LAWS(GJH)-2022-6-1709

DIVISIONAL ENGINEER TELECOM Vs. SATYENDRAPRAKASH TIWARI

Decided On June 20, 2022
Divisional Engineer Telecom Appellant
V/S
Satyendraprakash Tiwari Respondents

JUDGEMENT

(1.) This petition under Article 226 of the Constitution of India is filed by the petitioner for following prayers:-

(2.) Learned advocate Ms. Roopal Patel appearing for the petitioner-Department submitted that the industrial tribunal has disregarded the evidence on record and arrived at a wrong conclusion dehors the evidence that the respondent-workman is entitled to the benefit by considering him to have worked for continuously period of more than 240 days. It is submitted that initially it was the burden of the respondent No. 1-workman to establish the fact that he has worked for period of more than 240 days before the date of his termination. It is submitted that the respondent-workman has rendered the services in two halves first between 1/7/1987 to 30/6/1988 and other between 17/4/1989 to 31/7/1989 for a period of 106 days and even if the evidence of the workman is considered that he has worked for 366 days in the first half, the same cannot be treated as a continuous service of 240 days prior to the date of his alleged termination from service.

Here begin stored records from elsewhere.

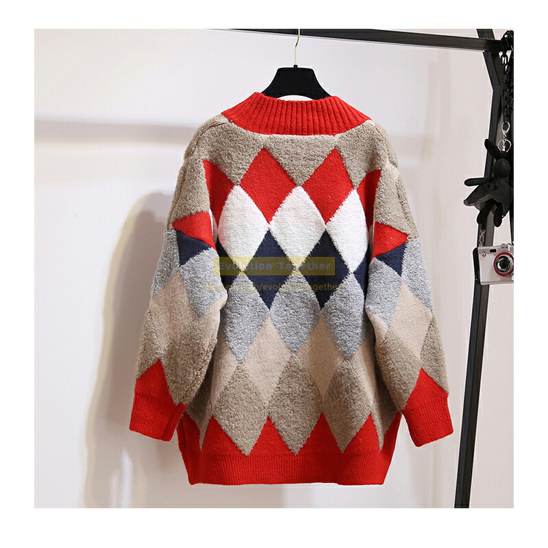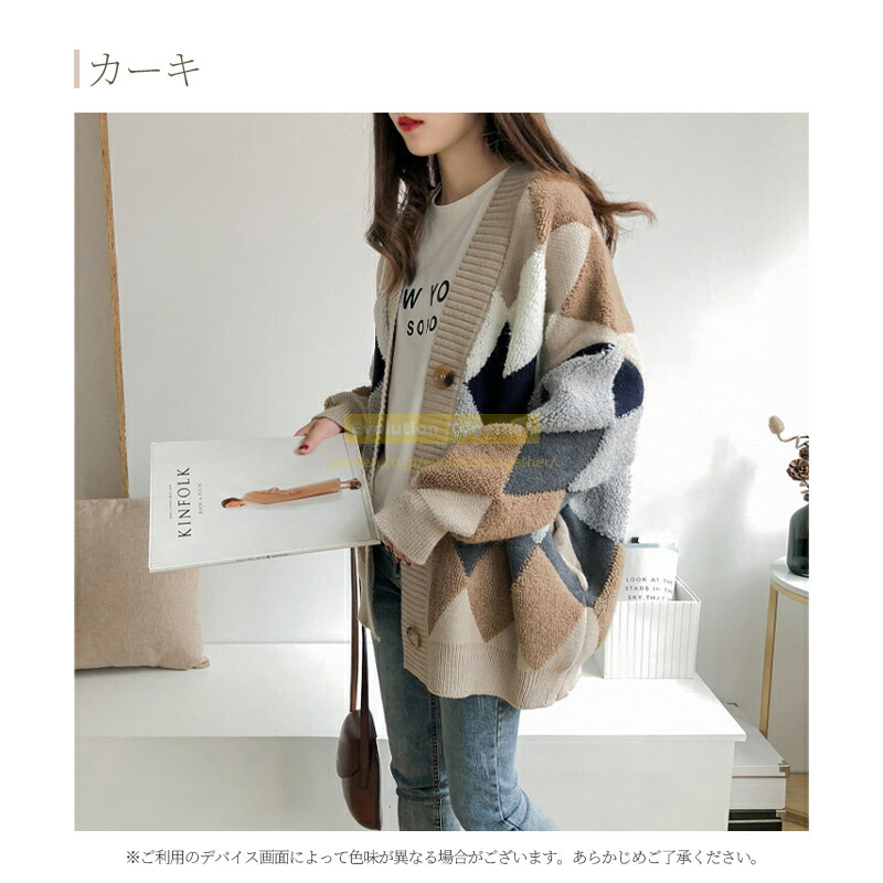 チェック カーディガン レディース 冬 レディースファッション 早い者勝ち レッド カーキ ネイビー
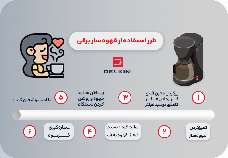 | فرآیند دمآوری | آب در مخزن گرم شده، از طریق دوش روی سابه قهوه ریخته و پس از عبور از آن، قهوه در قوری جمع میشود. |
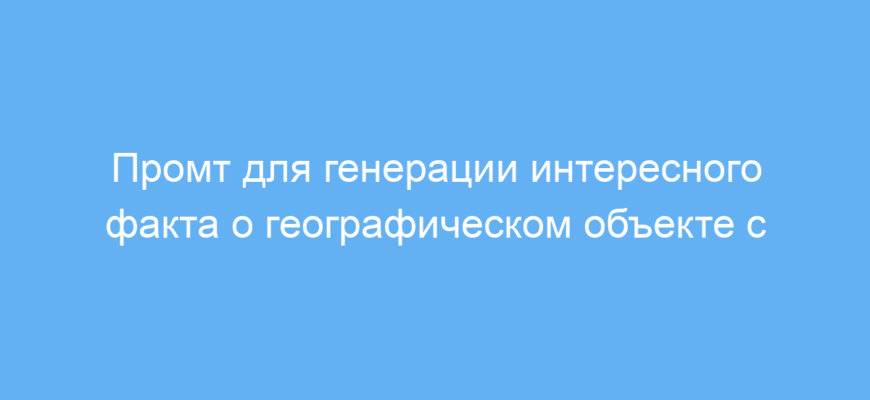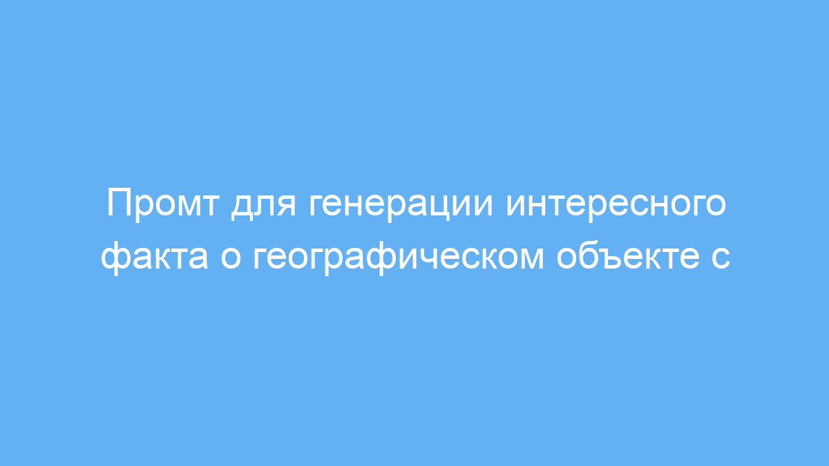 Этот промт создан для тех, кто хочет быстро получать уникальные и познавательные факты о разных географических объектах вместе с визуальным сопровождением. Он полезен блогерам, преподавателям, контент-менеджерам и всем, кто работает с образовательным или развлекательным контентом, связанным с географией.
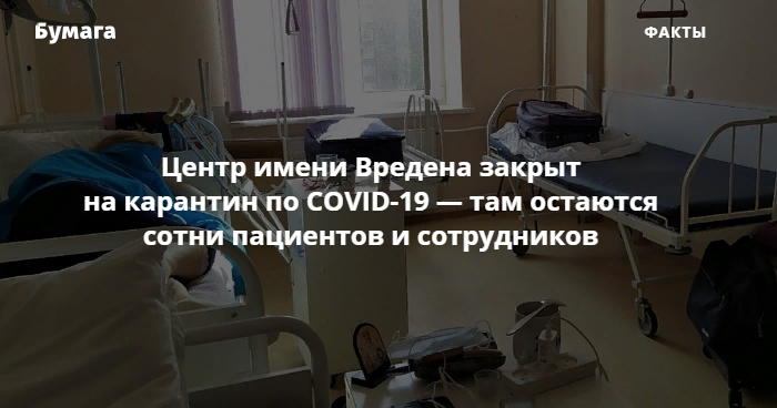 В центре остаются около 500 пациентов — они жалуются, что больные COVID-19 лежат в одних палатах со здоровыми. А врачи сообщают о нехватке средств защиты. «Бумага» рассказывает, что известно о ситуации в институте имени Вредена.
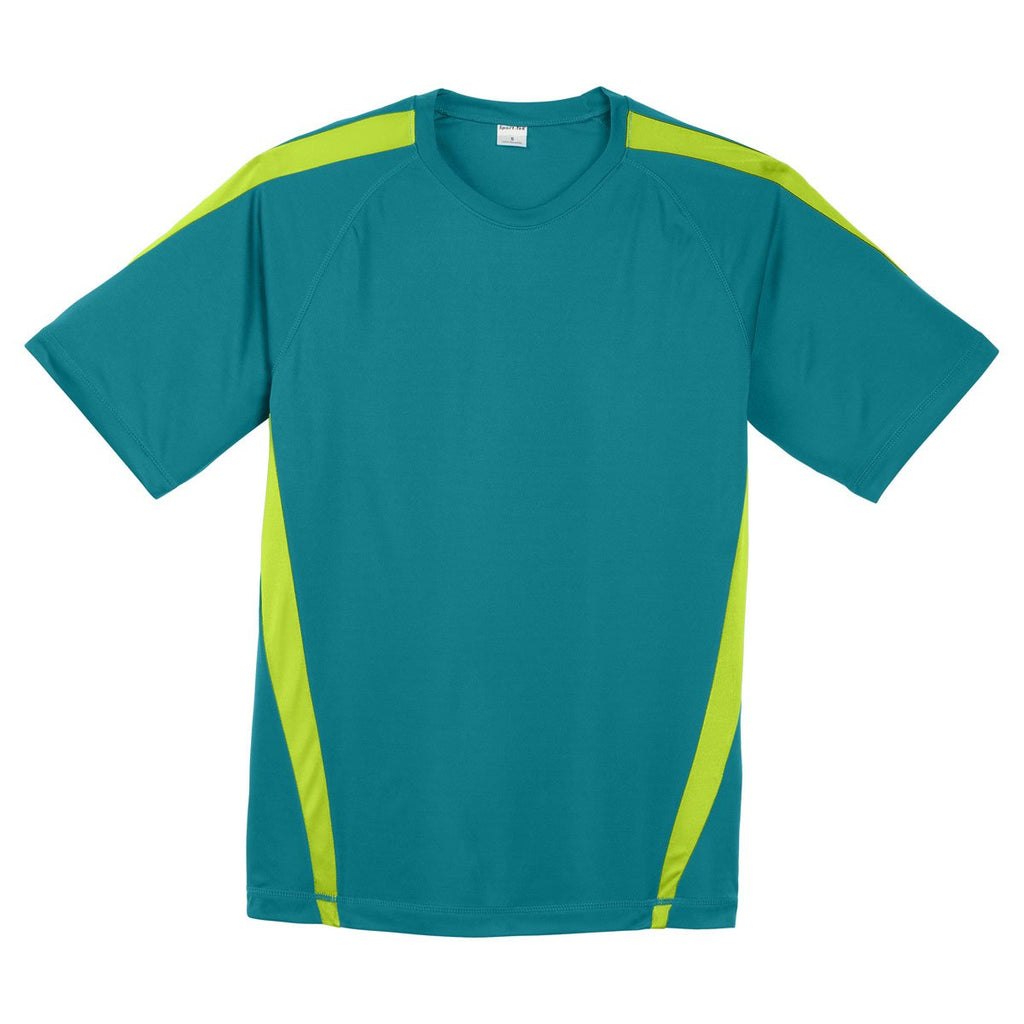 Sport-Tek Men's Tropic Blue/Lime Shock Colorblock PosiCharge Competitor Tee
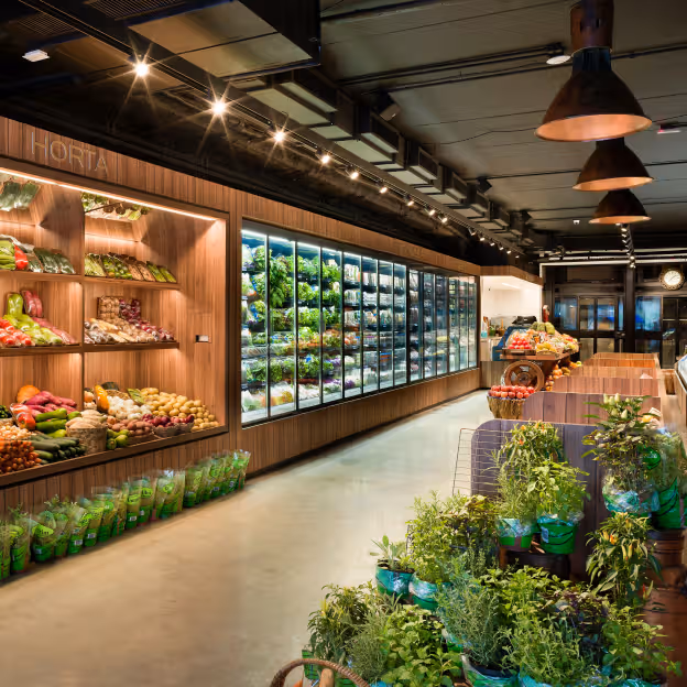 A practical market-style layout with stalls and counters arranged for short visits. Vendors are often producers or their reps, ready to explain provenance and storage. Products are labelled by season or harvest rather than brand-heavy packaging, so items feel straightforward and authentic.

(3.) As against this, learned advocate Mr. K.R. Mishra appearing for the respondent-workman has at the outset submitted that the delay cannot be attributed to the respondent-workman inasmuch as the workman had agitated the issue before the Regional Commissioner of Labour. According to the petitioner, the respondent-workman had agitated the issue before the Divisional Engineer Telecom, Ahmedabad by a communication dtd. 8/11/1995 and only thereafter, in the year 1998, it appears that the reference has been made and therefore, delay is not attributable to the respondent and therefore, there is no need for any explanation to such delay. Learned advocate for the respondent has argued that in view of the fact that the respondent-workman has served for a period of 366 days between 1/7/1987 to 30/6/1988 is a service which is sufficient to treat the case of the workman under the prevailing policy and therefore, CGIT was justified in considering the case of the respondent-workman to the extent that having completed more than 240 days, in a calendar year, the respondent-workman was entitled to the benefit of the policy by giving him a status of other casual labour or temporary status. He drew attention of this Court to the terms of reference made to the industrial tribunal where the specific issue was that for giving respondent workman statutory a temporary status on the muster role of casual workman on Coaxial Cable Project and therefore, also considering the application of the policy, certain rights had accrued in favour of the respondent-workman and by committing breach of such rights, the respondent-workman' services were brought to an end and therefore, order of reinstatement is justified.